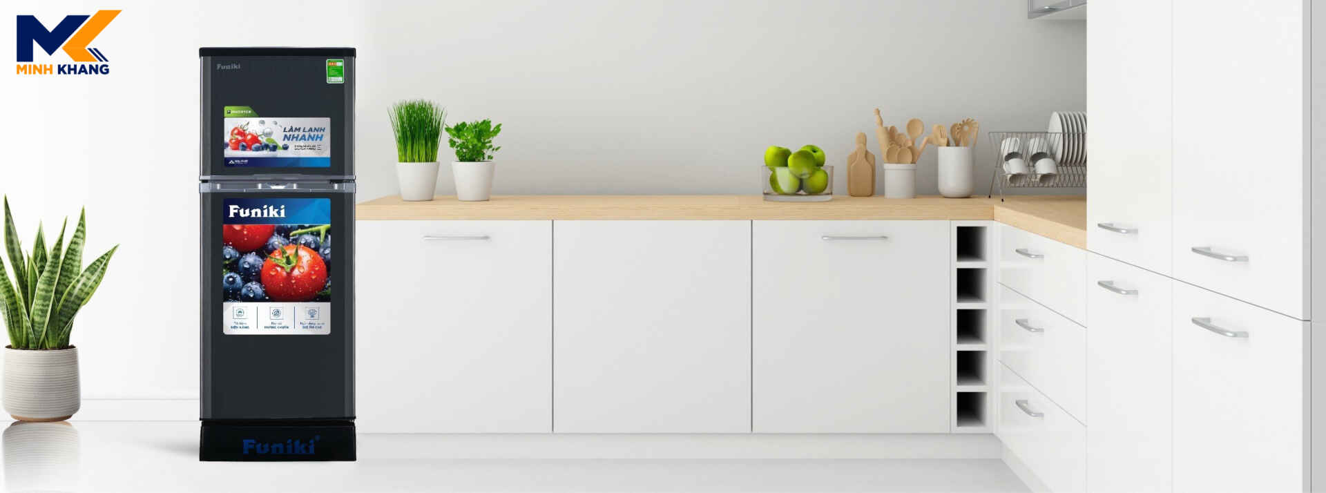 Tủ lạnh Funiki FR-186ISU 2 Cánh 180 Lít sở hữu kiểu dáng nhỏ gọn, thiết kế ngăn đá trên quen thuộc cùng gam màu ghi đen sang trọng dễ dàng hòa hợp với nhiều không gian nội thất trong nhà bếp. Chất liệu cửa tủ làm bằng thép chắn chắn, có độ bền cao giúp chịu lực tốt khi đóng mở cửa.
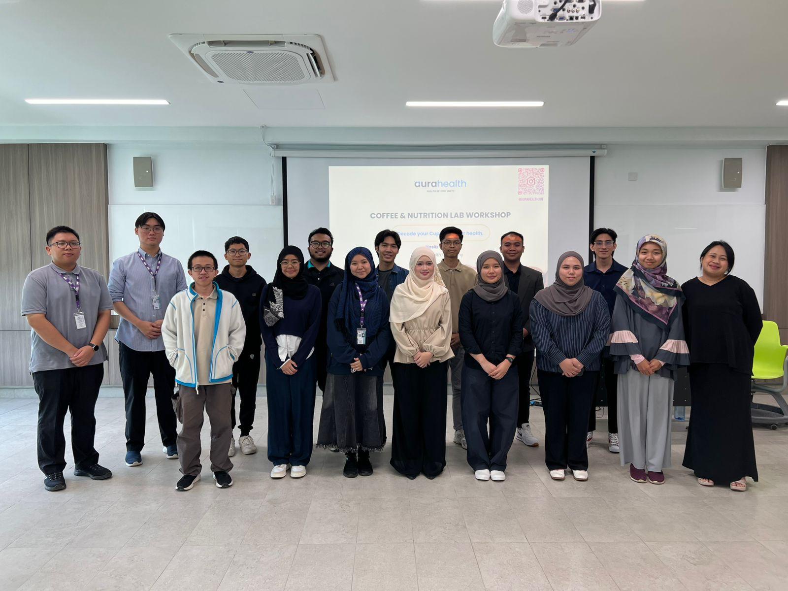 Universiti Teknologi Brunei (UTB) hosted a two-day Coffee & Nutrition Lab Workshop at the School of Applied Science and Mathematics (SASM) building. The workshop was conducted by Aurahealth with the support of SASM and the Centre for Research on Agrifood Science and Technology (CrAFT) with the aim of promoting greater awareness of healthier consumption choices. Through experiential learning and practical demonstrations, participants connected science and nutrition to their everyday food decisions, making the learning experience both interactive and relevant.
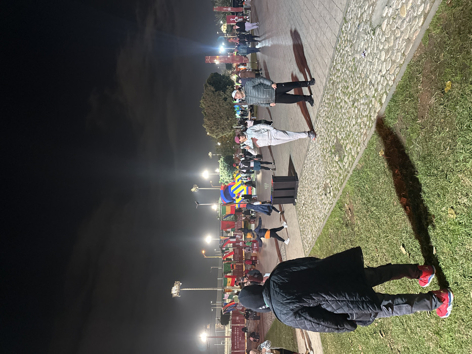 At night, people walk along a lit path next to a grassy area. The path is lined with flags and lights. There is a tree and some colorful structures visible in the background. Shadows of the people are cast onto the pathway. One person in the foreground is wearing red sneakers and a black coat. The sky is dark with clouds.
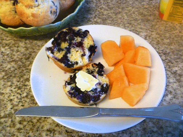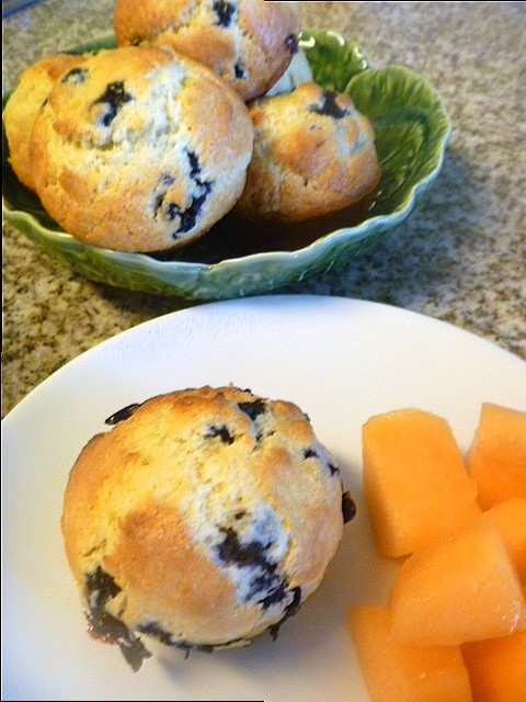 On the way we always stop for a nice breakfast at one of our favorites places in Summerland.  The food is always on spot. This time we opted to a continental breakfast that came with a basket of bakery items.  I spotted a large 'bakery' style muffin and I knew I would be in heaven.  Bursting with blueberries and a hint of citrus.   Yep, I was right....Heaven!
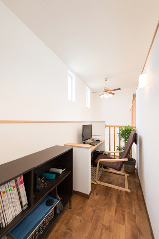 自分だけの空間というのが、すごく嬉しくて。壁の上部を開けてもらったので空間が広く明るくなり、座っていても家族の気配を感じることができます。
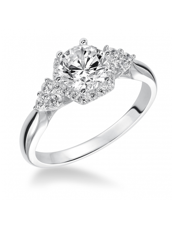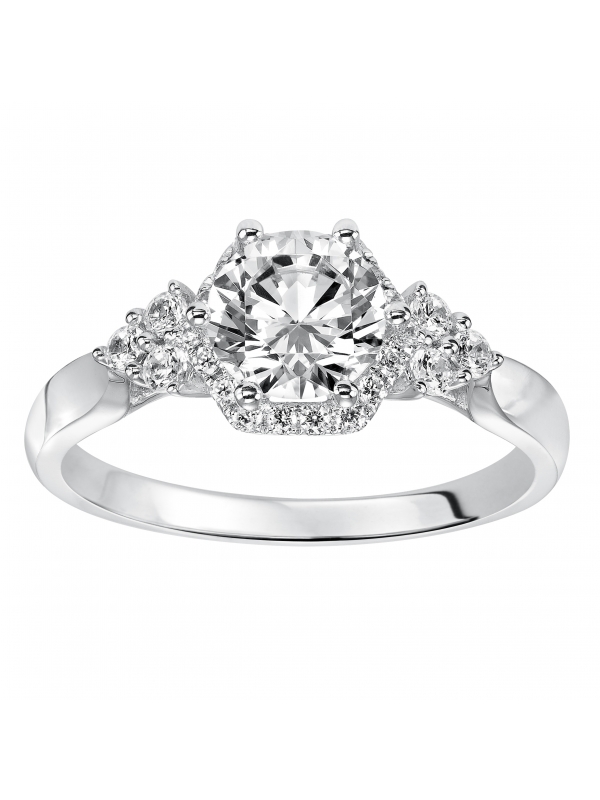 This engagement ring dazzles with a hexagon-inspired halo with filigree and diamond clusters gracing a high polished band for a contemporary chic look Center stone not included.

# # # # # # #

→ **TASK STATEMENT**: The answer must consist solely of the lines from the first line of the records through the line containing "At night, people", reproduced exactly and without the pictures.

→ **RESULT OF THIS TASK**:
 Tủ lạnh Funiki FR-186ISU 2 Cánh 180 Lít sở hữu kiểu dáng nhỏ gọn, thiết kế ngăn đá trên quen thuộc cùng gam màu ghi đen sang trọng dễ dàng hòa hợp với nhiều không gian nội thất trong nhà bếp. Chất liệu cửa tủ làm bằng thép chắn chắn, có độ bền cao giúp chịu lực tốt khi đóng mở cửa.
 Universiti Teknologi Brunei (UTB) hosted a two-day Coffee & Nutrition Lab Workshop at the School of Applied Science and Mathematics (SASM) building. The workshop was conducted by Aurahealth with the support of SASM and the Centre for Research on Agrifood Science and Technology (CrAFT) with the aim of promoting greater awareness of healthier consumption choices. Through experiential learning and practical demonstrations, participants connected science and nutrition to their everyday food decisions, making the learning experience both interactive and relevant.
 At night, people walk along a lit path next to a grassy area. The path is lined with flags and lights. There is a tree and some colorful structures visible in the background. Shadows of the people are cast onto the pathway. One person in the foreground is wearing red sneakers and a black coat. The sky is dark with clouds.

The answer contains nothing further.